### DATA
- Opening Delimiter -

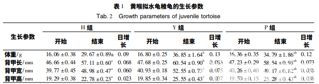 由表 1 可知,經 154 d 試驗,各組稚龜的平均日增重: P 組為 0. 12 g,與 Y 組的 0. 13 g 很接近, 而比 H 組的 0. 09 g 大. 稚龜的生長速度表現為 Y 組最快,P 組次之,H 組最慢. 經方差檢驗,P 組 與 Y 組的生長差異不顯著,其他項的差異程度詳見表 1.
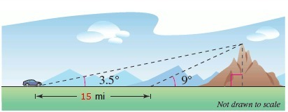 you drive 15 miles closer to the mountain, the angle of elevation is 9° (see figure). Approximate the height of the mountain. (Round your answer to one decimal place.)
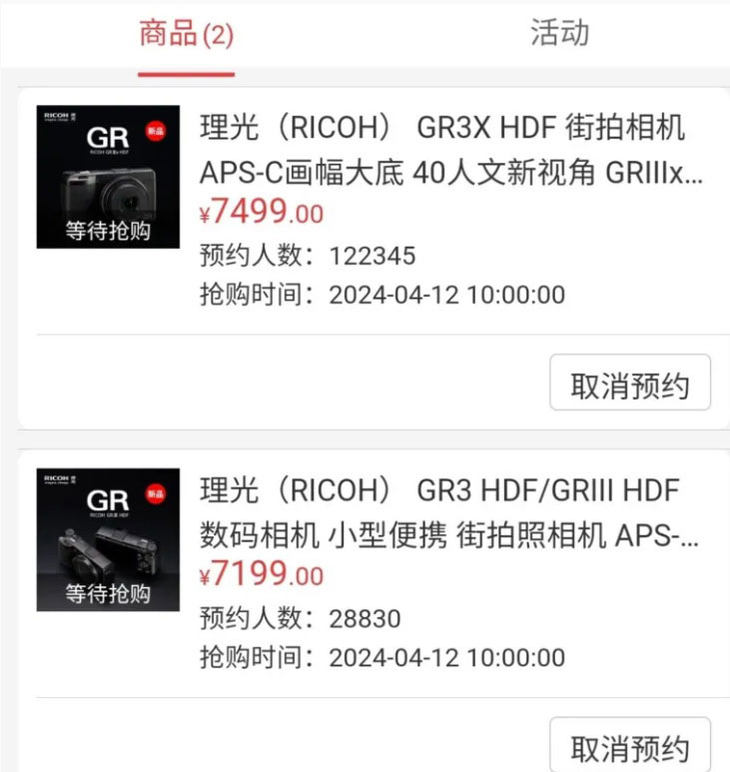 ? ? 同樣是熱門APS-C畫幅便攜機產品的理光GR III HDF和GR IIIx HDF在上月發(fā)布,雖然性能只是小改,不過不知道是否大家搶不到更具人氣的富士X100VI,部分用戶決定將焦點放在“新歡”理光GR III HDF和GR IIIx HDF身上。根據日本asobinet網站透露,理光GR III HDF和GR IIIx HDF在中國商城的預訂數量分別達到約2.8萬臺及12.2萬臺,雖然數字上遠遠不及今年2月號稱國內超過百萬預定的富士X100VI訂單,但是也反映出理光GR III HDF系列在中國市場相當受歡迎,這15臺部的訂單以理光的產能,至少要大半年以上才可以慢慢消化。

- Closing Delimiter -
- Opening Delimiter -

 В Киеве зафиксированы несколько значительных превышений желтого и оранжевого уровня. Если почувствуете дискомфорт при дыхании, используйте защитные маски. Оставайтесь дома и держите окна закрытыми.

- Closing Delimiter -

### ASSIGNED TASK
Given the records above, return the lines starting at the one that holds "由表 1 可知,經 154" and ending at the one that holds "同樣是熱門APS-C畫幅便攜機產品的理光GR III HDF和GR", exactly, and nothing besides; leave every picture out.

### SOLUTION BELOW
 由表 1 可知,經 154 d 試驗,各組稚龜的平均日增重: P 組為 0. 12 g,與 Y 組的 0. 13 g 很接近, 而比 H 組的 0. 09 g 大. 稚龜的生長速度表現為 Y 組最快,P 組次之,H 組最慢. 經方差檢驗,P 組 與 Y 組的生長差異不顯著,其他項的差異程度詳見表 1.
 you drive 15 miles closer to the mountain, the angle of elevation is 9° (see figure). Approximate the height of the mountain. (Round your answer to one decimal place.)
 ? ? 同樣是熱門APS-C畫幅便攜機產品的理光GR III HDF和GR IIIx HDF在上月發(fā)布,雖然性能只是小改,不過不知道是否大家搶不到更具人氣的富士X100VI,部分用戶決定將焦點放在“新歡”理光GR III HDF和GR IIIx HDF身上。根據日本asobinet網站透露,理光GR III HDF和GR IIIx HDF在中國商城的預訂數量分別達到約2.8萬臺及12.2萬臺,雖然數字上遠遠不及今年2月號稱國內超過百萬預定的富士X100VI訂單,但是也反映出理光GR III HDF系列在中國市場相當受歡迎,這15臺部的訂單以理光的產能,至少要大半年以上才可以慢慢消化。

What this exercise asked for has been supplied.